(Excerpts from a dataset)
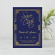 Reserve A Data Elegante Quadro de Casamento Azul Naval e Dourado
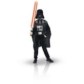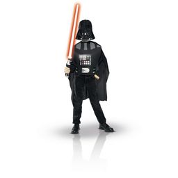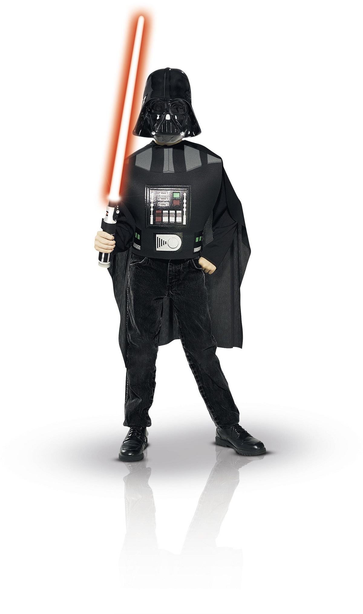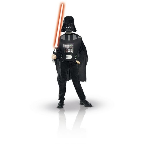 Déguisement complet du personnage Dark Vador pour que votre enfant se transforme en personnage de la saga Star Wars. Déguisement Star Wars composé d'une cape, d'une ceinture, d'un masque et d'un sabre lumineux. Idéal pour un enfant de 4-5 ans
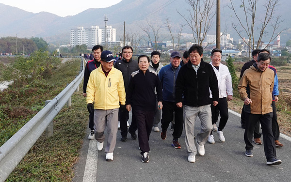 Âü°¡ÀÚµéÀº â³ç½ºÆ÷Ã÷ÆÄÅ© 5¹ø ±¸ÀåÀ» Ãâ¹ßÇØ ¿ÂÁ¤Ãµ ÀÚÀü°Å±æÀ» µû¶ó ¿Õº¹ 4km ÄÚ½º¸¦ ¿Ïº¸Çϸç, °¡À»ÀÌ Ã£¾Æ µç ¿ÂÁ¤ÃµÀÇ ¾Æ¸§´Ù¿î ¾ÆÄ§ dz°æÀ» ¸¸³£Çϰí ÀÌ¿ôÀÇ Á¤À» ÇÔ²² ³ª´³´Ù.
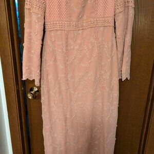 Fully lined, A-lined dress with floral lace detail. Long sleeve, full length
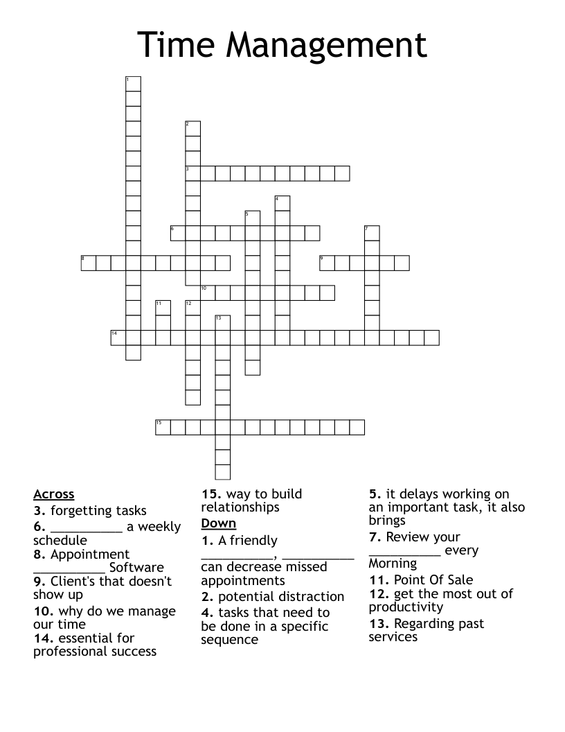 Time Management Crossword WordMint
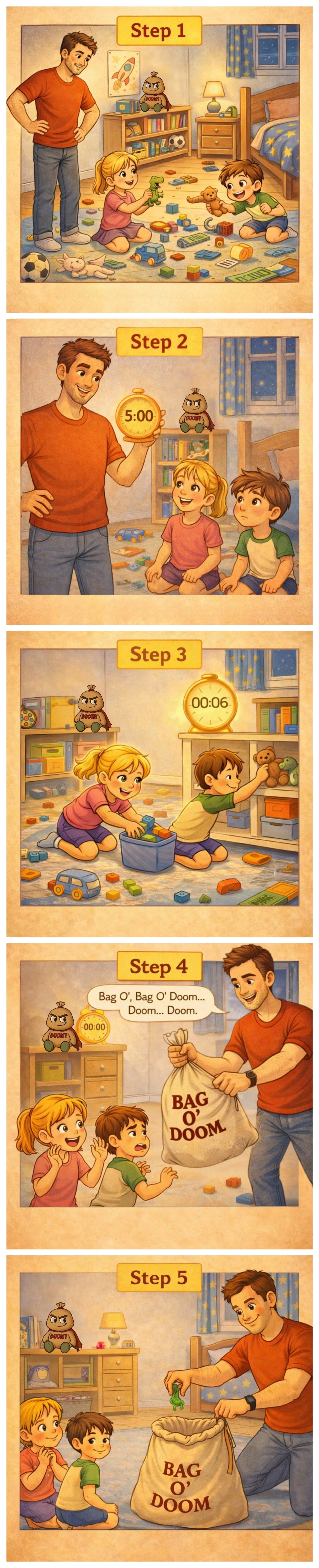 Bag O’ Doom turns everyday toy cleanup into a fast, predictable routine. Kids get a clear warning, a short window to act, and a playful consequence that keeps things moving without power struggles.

**What you should do**. Write out nothing but the lines from the start of the data through the line with "Déguisement complet du". Leave out the pictures.

**Exercise output**.
 Reserve A Data Elegante Quadro de Casamento Azul Naval e Dourado
 Déguisement complet du personnage Dark Vador pour que votre enfant se transforme en personnage de la saga Star Wars. Déguisement Star Wars composé d'une cape, d'une ceinture, d'un masque et d'un sabre lumineux. Idéal pour un enfant de 4-5 ans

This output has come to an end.